Belfort

The Belfort dataset: Handwritten Text Recognition from Crowdsourced Annotations

ImagesTextsCreative Commons Attribution 4.0 InternationalIntroduced 2023-06-15

The Belfort dataset

This dataset includes minutes of Belfort municipal council drawn up between 1790 and 1946. Documents include deliberations, lists of councillors, convocations, and agendas. It includes 24,105 text-line images that were automatically detected from pages. Up to 4 transcriptions are available for each line image: two from humans, and two from automatic models.
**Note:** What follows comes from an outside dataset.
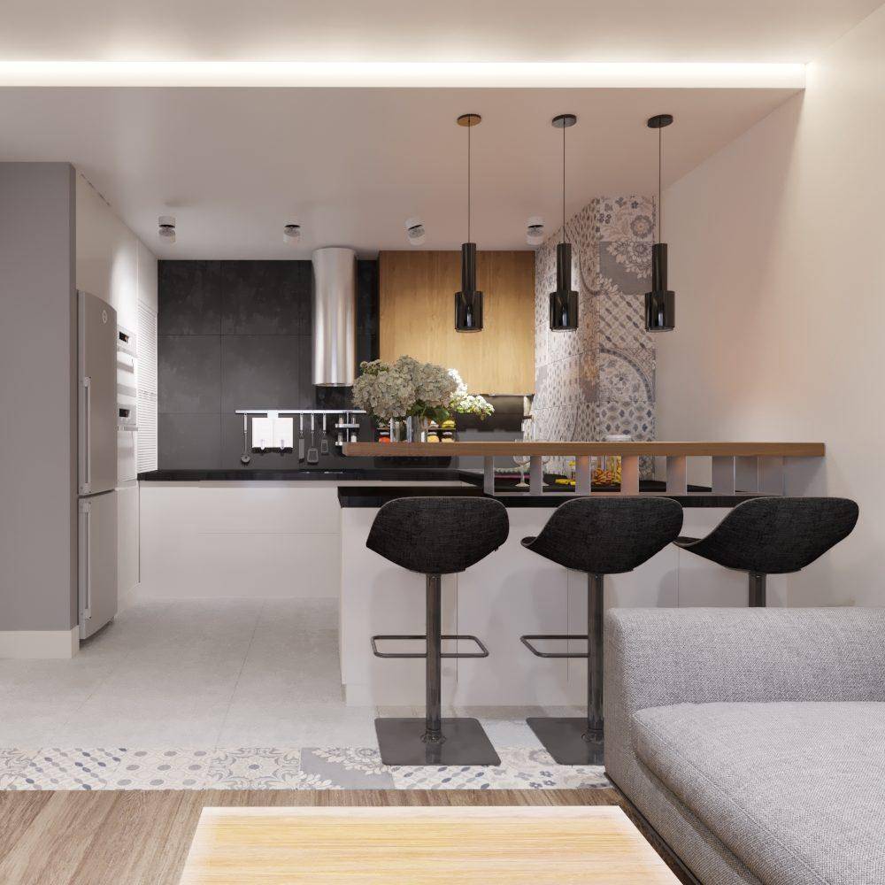 Основной цвет дизайна – белый, с добавлением серых тонов. В качестве контрастного выбран черный. Интерьер дополнен деревянными элементами – светлое дерево вносит тепло и уют, а его фактура обогащает декоративную палитру проекта.

Files are organized in three folders: Images, Transcriptions, and Partitions.

Images

The dataset include 24,105 text-line images that were automatically detected using a generic Doc-UFCN model, and resized to a fixed height of 128 pixels.

Transcriptions

Up to 4 transcriptions are available for each image, as summarized in the following table:

| Folder | N transcriptions | Description | Comments | |:----------: |-----------------: |-----------------------------|-----------------------------------------------------------------------------------| | callico_1/ | 24,105 | Human annotation n°1 | All lines have at least one human annotation | | callico_2/ | 8,878 | Human annotation n°2 | Only 33% of lines have two different human annotations | | dan/ | 24,102 | DAN automatic model | 3 images have empty transcriptions (no text was predicted by the model) | | pylaia/ | 23,536 | PyLaia automatic model | 569 images have empty transcriptions (no text was predicted by the model) | | rasa/ | 23,287 | RASA aggregation algorithm | 818 images have empty transcriptions | | rover/ | 24,104 | ROVER aggregation algorithm | 1 image has an empty transcription |

Data partition

We provide two distinct splits, both of them containing 19,013 training images, 2,262 validation images and 2,830 test images.

  • The Agreement-based split ensures the reliability of the test set:
    • The test set includes lines with perfect agreement between human annotators (Character Error Rate = 0%);
    • The validation set includes lines with good agreement between human annotators (0% < Character Error Rate < 5%);
    • The training set includes all the other lines.
  • The Random split is randomized.

Evaluation

Evaluation results in the paper are computed by comparing predictions to human annotations. Automatic and aggregated transcriptions are only used during model training.